Шоколад - Харрис Джоанн. Страница 17
Неужели я теряю веру, mon pere? Это безмолвие во мне, отсутствие смирения, неспособность молиться, очиститься от скверны… это всё по моей вине? Эта церковь — средоточие всей моей жизни, и я, оглядываясь вокруг, пытаюсь пробудить в себе любовь к ней. Хочу любить так же сильно, как ты любил, эти статуи — святого Иеронима с шербатым носом, улыбающуюся Мадонну, Жанну д'Арк с хоругвью, святого Франциска с раскрашенными голубями. Сам я птиц не люблю. Возможно, это грех по отношению к моему тёзке, но ничего поделать с собой не могу. Я испытываю омерзение, слыша их клёкот, видя, как они гадят — даже у входа в церковь. Они загадили зеленоватым помётом белёные стены храма, пронзительно кричат во время службы… Я потравил крыс, портивших в ризнице облачения и утварь. Разве не следует также потравить и голубей, мешающих проведению церковных служб? И я пытался избавиться от них, mon pere, но безрезультатно. Наверно, их охраняет святой Франциск.

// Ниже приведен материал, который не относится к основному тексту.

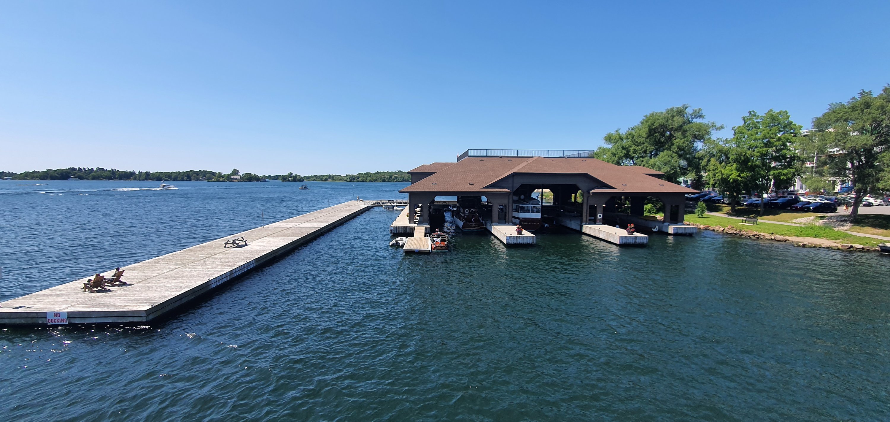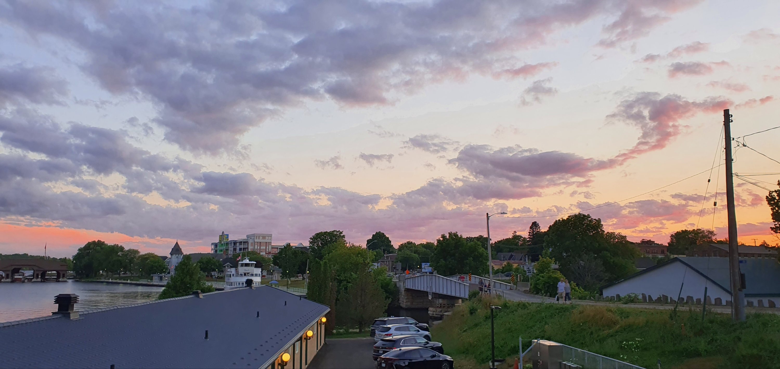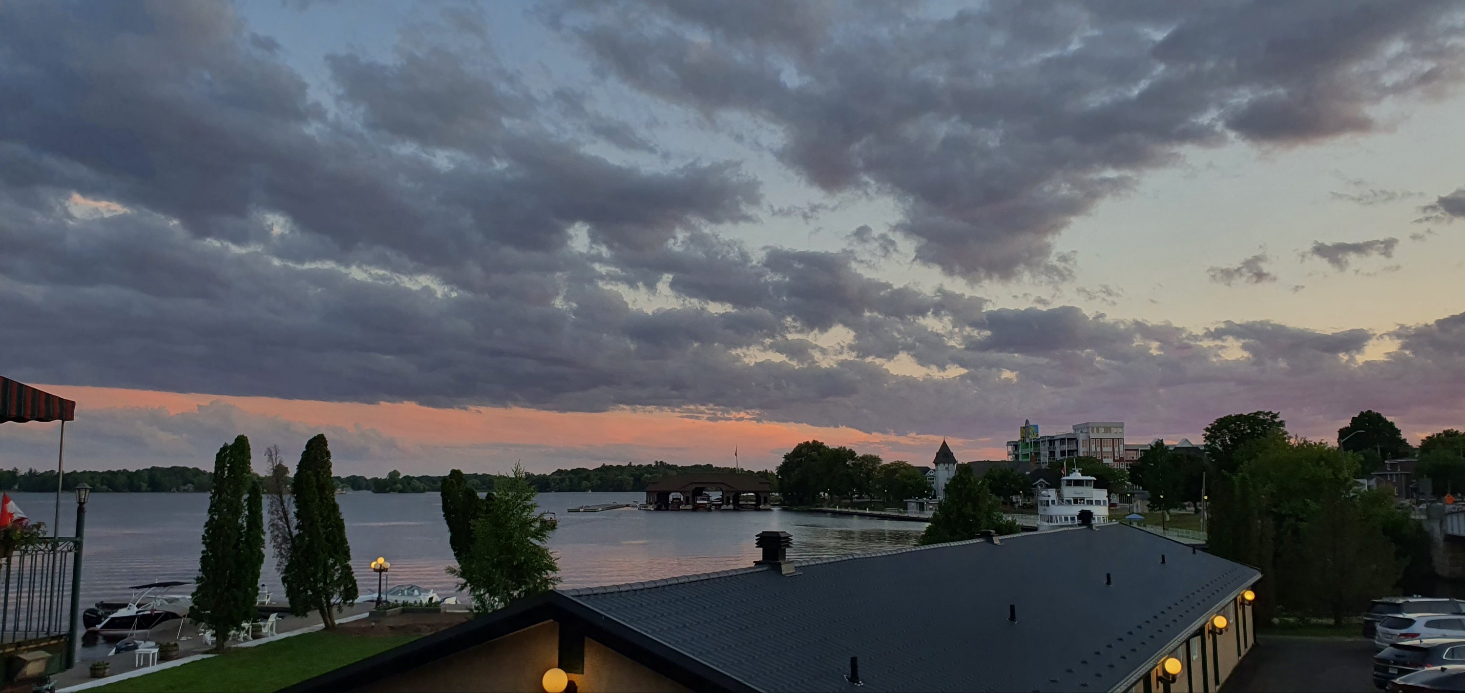 1,000 seems alot right? It is actually a group of 1,864 Islands in the St Lawrence River that flows out of Lake Ontario. The are split between being owned by USA and Canada. They agreed to split evenly by area, Canada has more and USA has the biggest (of course 🙄). We booked our accommodation at Gananoque (pronounced Gananock) in a 126 year old Inn. We arrived late, of course, but the sun was still up enough for us to take in the river views.
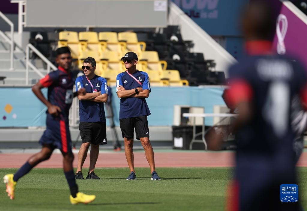11月18日,國際足聯(lián)裁判委員會主席皮耶路易吉·科利納(后右)觀看訓(xùn)練。新華社記者 賈浩成 攝
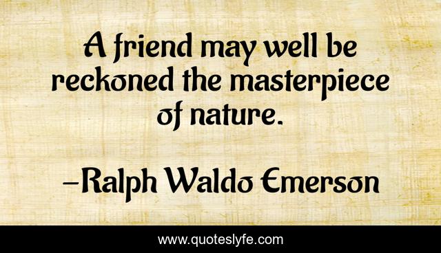 This page presents the quote "A friend may well be reckoned the masterpiece of nature.". Author of this quote is Ralph Waldo Emerson. This quote is about masterpiece, friendship, nature,.

Я хотел бы жить более достойно. Собственная никчёмность вселяет в меня страх. Я — умный человек, гораздо умнее и образованнее любого из своей паствы, но какая польза от моего ума, если он лишь подчёркивает, сколь слаба и ничтожна бренная оболочка, в которую Господь облёк своего слугу. Неужели это и есть моё предназначение? Я мечтал о более великих свершениях, мечтал о самопожертвовании и мученичестве. А вместо этого растрачиваю себя на пустые тревоги, не достойные ни меня самого, ни тебя.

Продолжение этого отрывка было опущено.